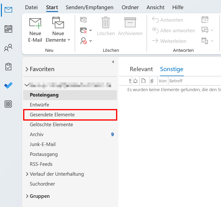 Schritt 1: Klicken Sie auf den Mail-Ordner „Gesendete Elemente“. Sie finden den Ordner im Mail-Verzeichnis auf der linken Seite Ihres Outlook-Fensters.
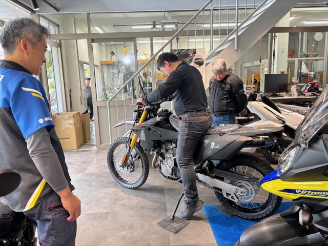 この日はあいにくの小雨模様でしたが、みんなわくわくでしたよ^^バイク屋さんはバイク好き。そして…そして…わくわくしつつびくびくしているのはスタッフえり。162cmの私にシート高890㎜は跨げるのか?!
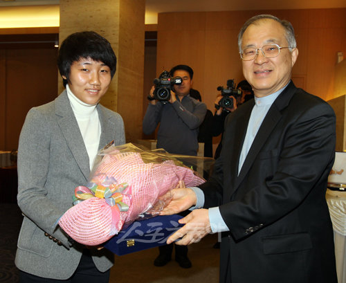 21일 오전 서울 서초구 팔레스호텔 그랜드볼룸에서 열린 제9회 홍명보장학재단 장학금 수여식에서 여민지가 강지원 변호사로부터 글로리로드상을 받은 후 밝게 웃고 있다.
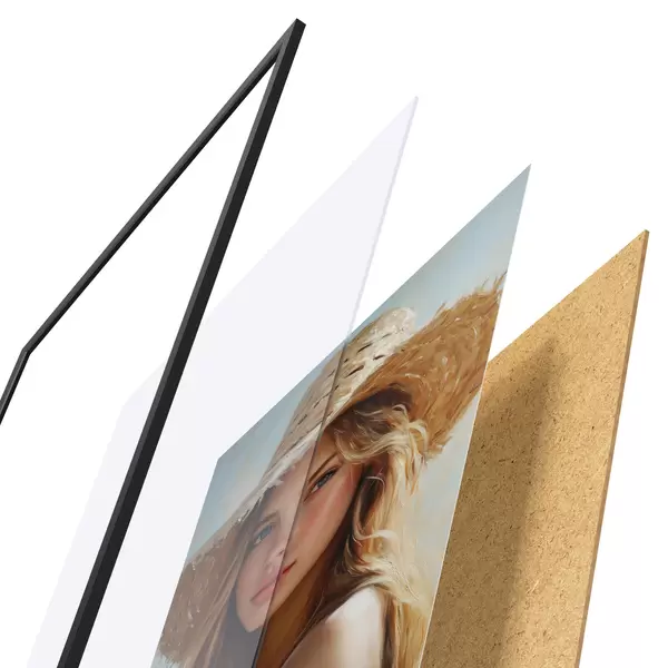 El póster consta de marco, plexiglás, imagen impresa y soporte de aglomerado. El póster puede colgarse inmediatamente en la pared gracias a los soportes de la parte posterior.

════

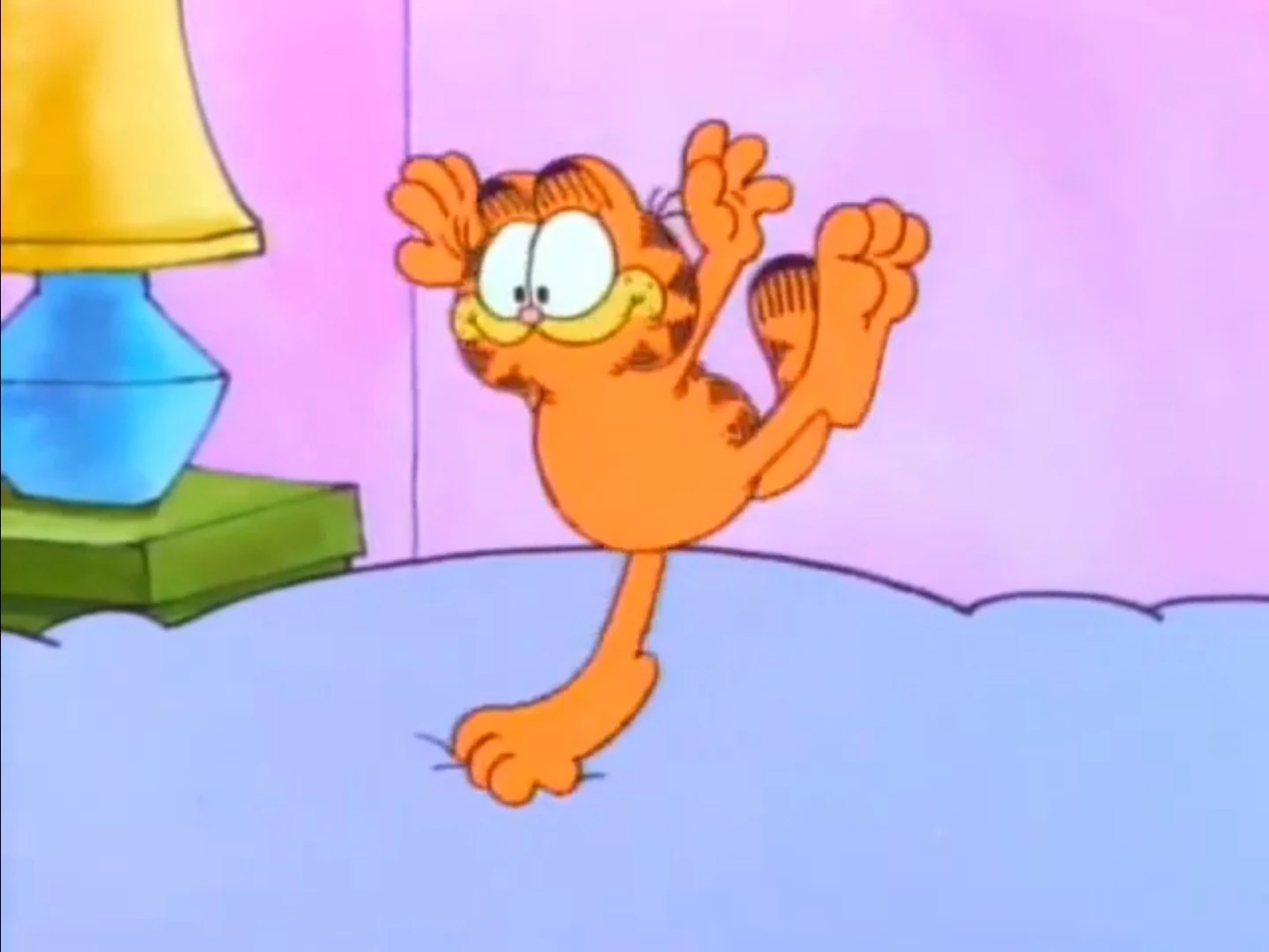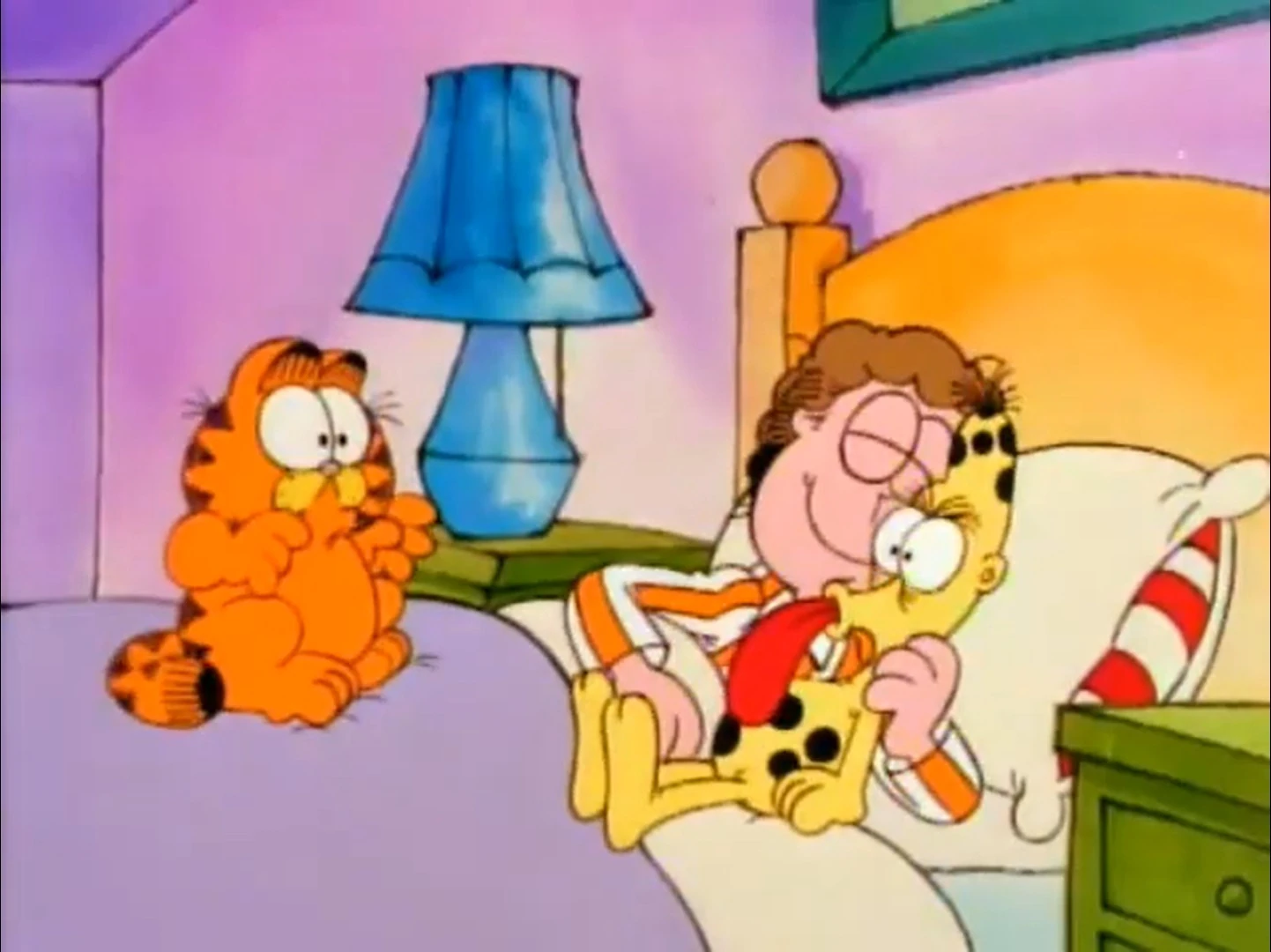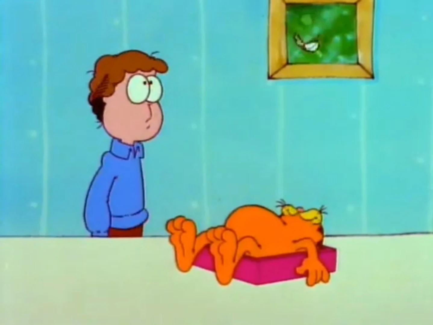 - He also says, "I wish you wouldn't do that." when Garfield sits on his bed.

════

**The problem**: Reproduce exactly the lines of the data above that run from the line with "この日はあいにくの小雨模様で" down to the line with "El póster consta", both ends included. Pictures do not belong in the copy.

**Written solution**:
 この日はあいにくの小雨模様でしたが、みんなわくわくでしたよ^^バイク屋さんはバイク好き。そして…そして…わくわくしつつびくびくしているのはスタッフえり。162cmの私にシート高890㎜は跨げるのか?!
 21일 오전 서울 서초구 팔레스호텔 그랜드볼룸에서 열린 제9회 홍명보장학재단 장학금 수여식에서 여민지가 강지원 변호사로부터 글로리로드상을 받은 후 밝게 웃고 있다.
 El póster consta de marco, plexiglás, imagen impresa y soporte de aglomerado. El póster puede colgarse inmediatamente en la pared gracias a los soportes de la parte posterior.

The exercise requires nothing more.